- Opening Delimiter -

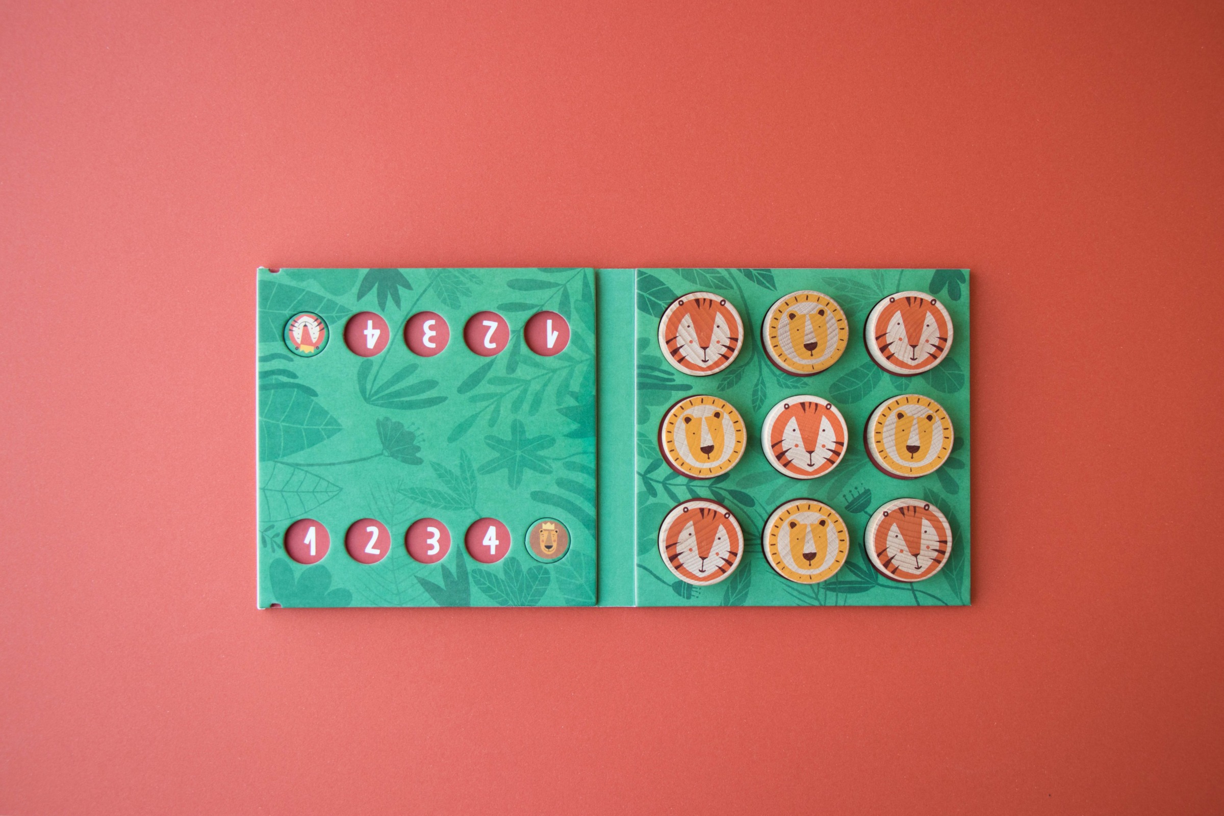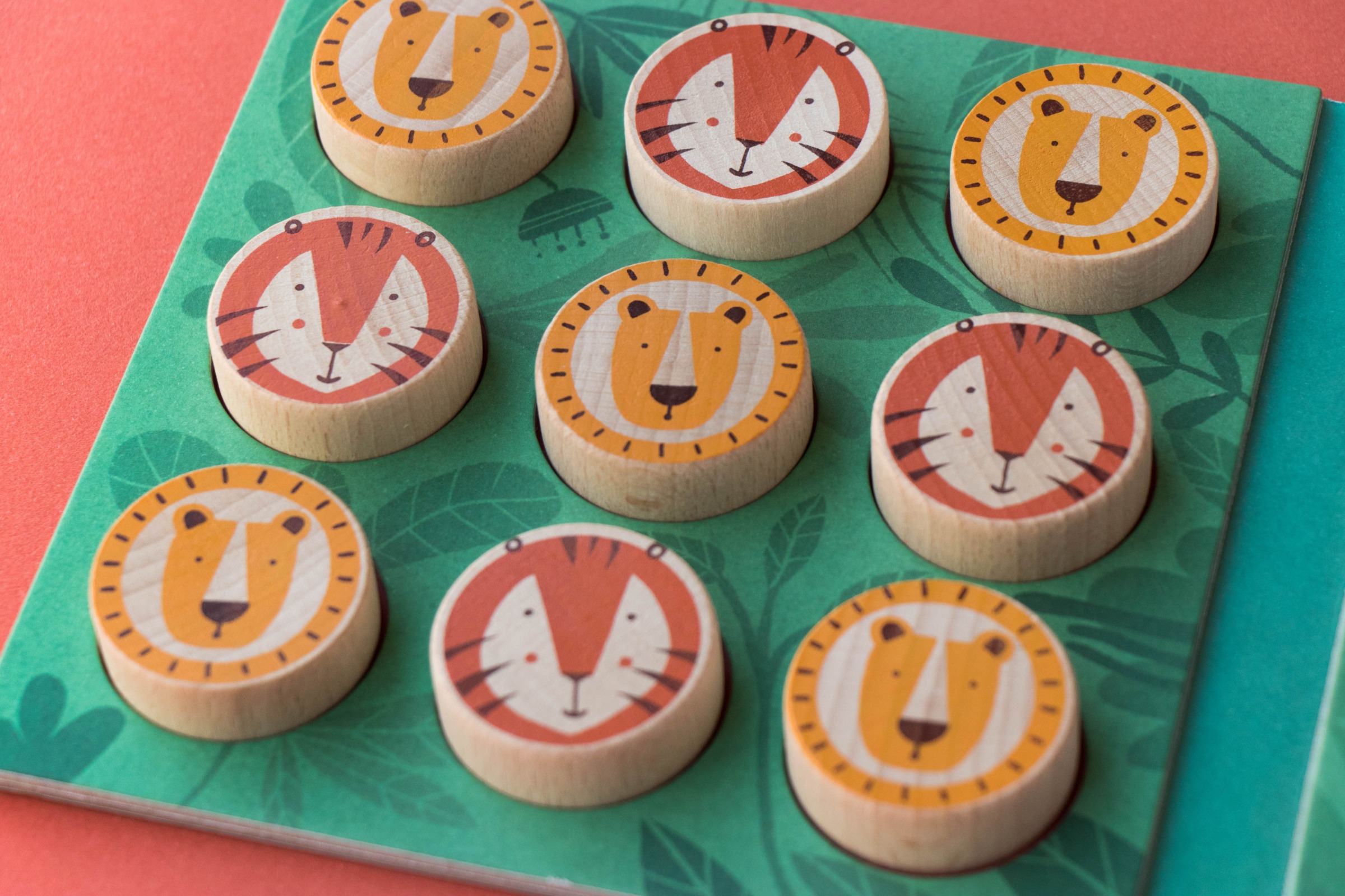 Un juego de 3 en raya tradicional de tigres y leones. Incluye 9 piezas de madera de haya de bosques sostenibles y un tablero de cartón reciclado.
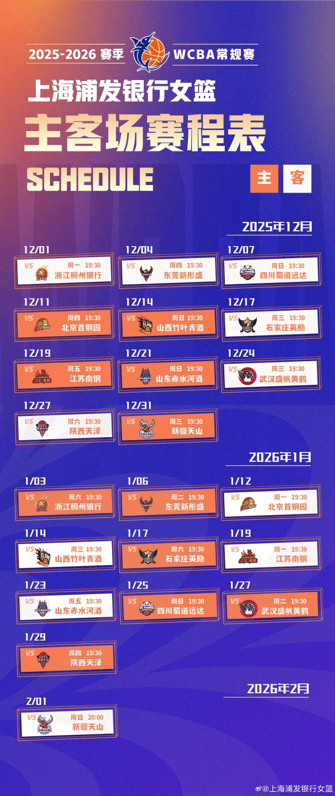 虎扑11月26日讯据上海浦发银行女篮发文,公布2025-2026赛季上海浦发银行女篮赛季定妆照及常规赛赛程!
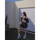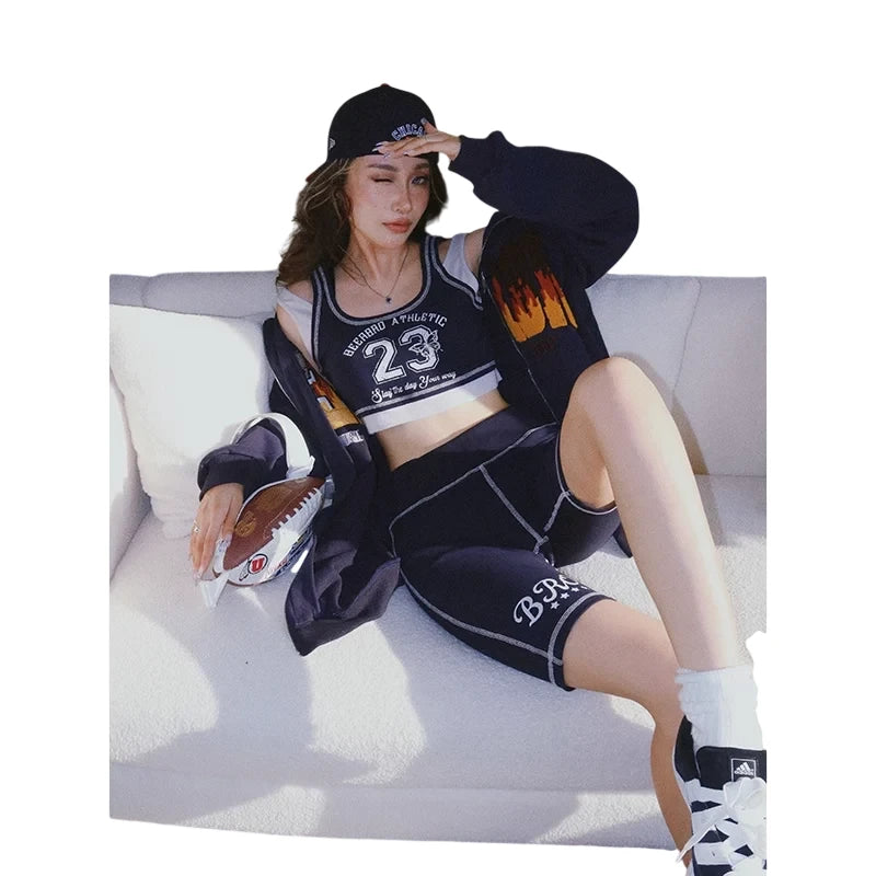 Elevate your casual wardrobe with this retro-inspired two-piece set for women. Featuring a black cropped tank top with contrasting white trim and bold athletic-style lettering, paired with matching high-waisted cycling shorts, this outfit combines comfort with trendy streetwear appeal. Ideal for sporty, everyday looks or relaxed urban styling, this set is perfect for the fashion-forward woman on the go.
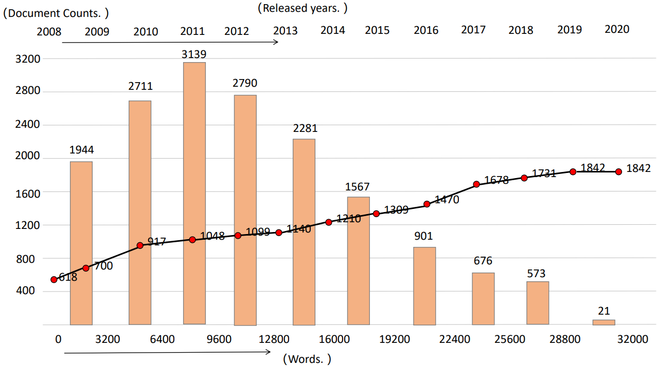 The below Figure describes the statistics of the document lengths and the document released time in different interval.
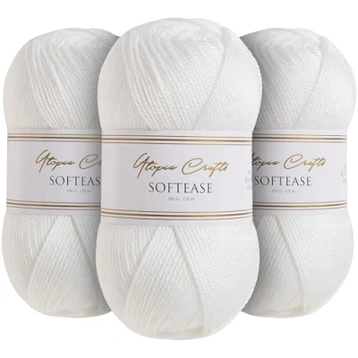 Utopia Crafts Softease Knitting and Crochet Yarn 3X 100g (White)
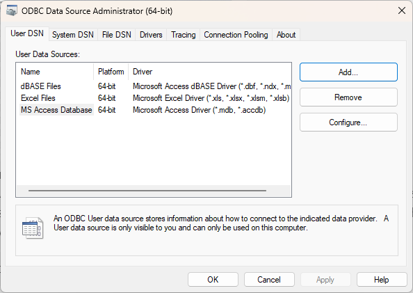- Click on the User DSN or System DSN tab and click the Add button:
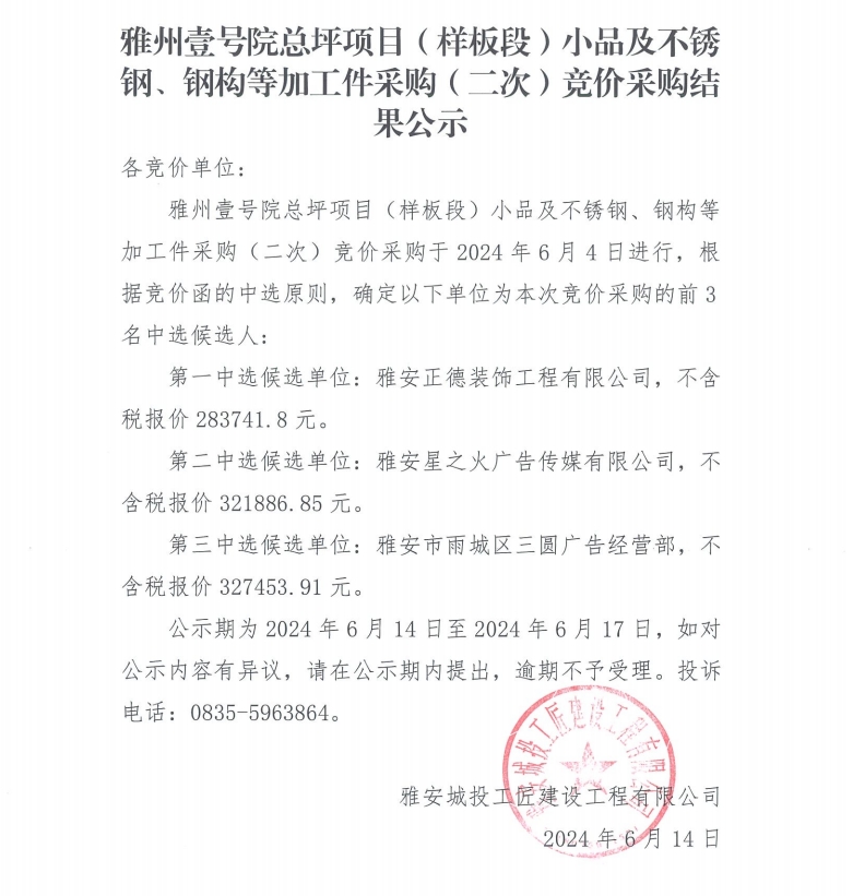 雅州壹號(hào)院總坪項(xiàng)目(樣板段)小品及不銹鋼、鋼構(gòu)等加工件采購(gòu)(二次)競(jìng)價(jià)采購(gòu)結(jié)果公示
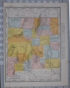 1906 Mapa Estados Unidos Nuevo Mexico Condados Ciudades

- Closing Delimiter -

Work task: Print all the lines above again exactly, without any pictures.

Output below:
 Un juego de 3 en raya tradicional de tigres y leones. Incluye 9 piezas de madera de haya de bosques sostenibles y un tablero de cartón reciclado.
 虎扑11月26日讯据上海浦发银行女篮发文,公布2025-2026赛季上海浦发银行女篮赛季定妆照及常规赛赛程!
 Elevate your casual wardrobe with this retro-inspired two-piece set for women. Featuring a black cropped tank top with contrasting white trim and bold athletic-style lettering, paired with matching high-waisted cycling shorts, this outfit combines comfort with trendy streetwear appeal. Ideal for sporty, everyday looks or relaxed urban styling, this set is perfect for the fashion-forward woman on the go.
 The below Figure describes the statistics of the document lengths and the document released time in different interval.
 Utopia Crafts Softease Knitting and Crochet Yarn 3X 100g (White)
- Click on the User DSN or System DSN tab and click the Add button:
 雅州壹號(hào)院總坪項(xiàng)目(樣板段)小品及不銹鋼、鋼構(gòu)等加工件采購(gòu)(二次)競(jìng)價(jià)采購(gòu)結(jié)果公示
 1906 Mapa Estados Unidos Nuevo Mexico Condados Ciudades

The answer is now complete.